-- WORKING DATA --
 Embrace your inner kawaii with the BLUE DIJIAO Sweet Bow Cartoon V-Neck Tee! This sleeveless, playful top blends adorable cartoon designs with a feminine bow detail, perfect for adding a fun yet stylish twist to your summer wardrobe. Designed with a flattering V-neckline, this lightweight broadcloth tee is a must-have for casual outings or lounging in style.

--

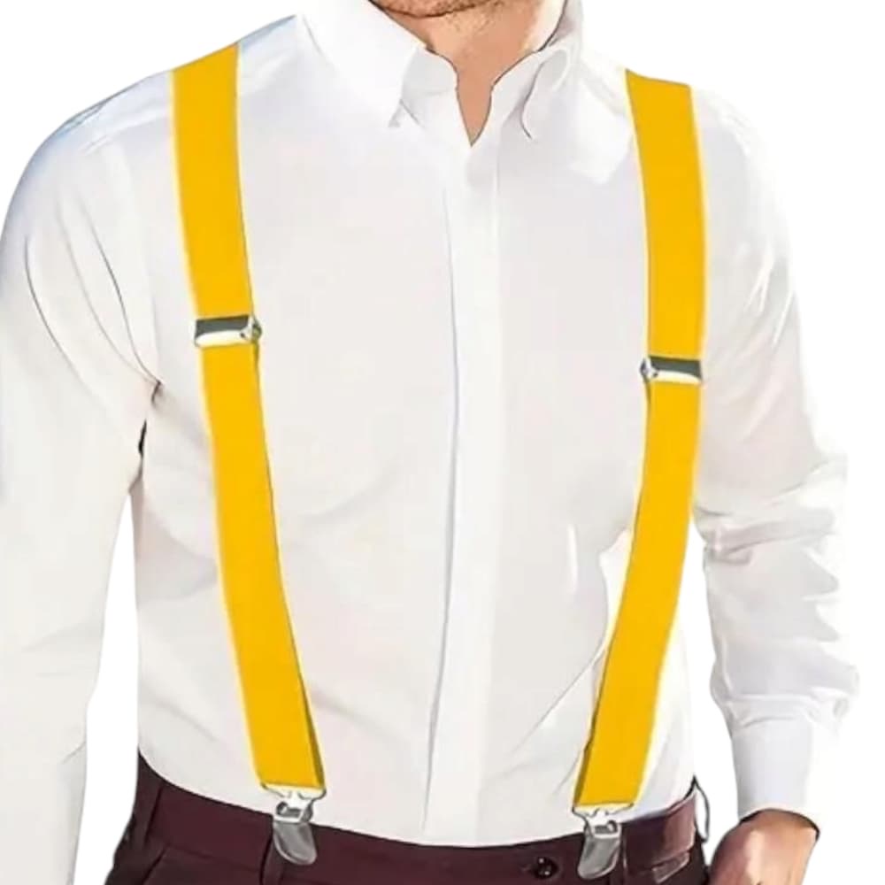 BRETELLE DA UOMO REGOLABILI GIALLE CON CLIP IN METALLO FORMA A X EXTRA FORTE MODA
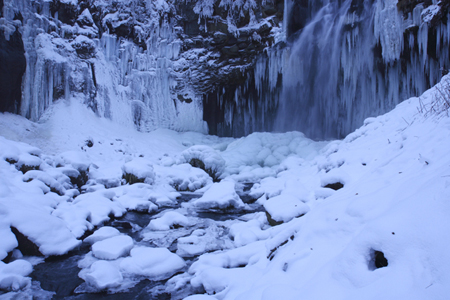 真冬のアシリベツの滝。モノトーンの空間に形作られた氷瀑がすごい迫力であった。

-- WHAT YOU SHOULD DO --
Nothing but the lines from the one with "BRETELLE DA UOMO" to the one with "真冬のアシリベツの滝。モノトーンの空間に形作られた氷瀑がすごい迫力であった。" above, both included, should be transcribed, exactly and without pictures.

-- FINISHED TASK --
 BRETELLE DA UOMO REGOLABILI GIALLE CON CLIP IN METALLO FORMA A X EXTRA FORTE MODA
 真冬のアシリベツの滝。モノトーンの空間に形作られた氷瀑がすごい迫力であった。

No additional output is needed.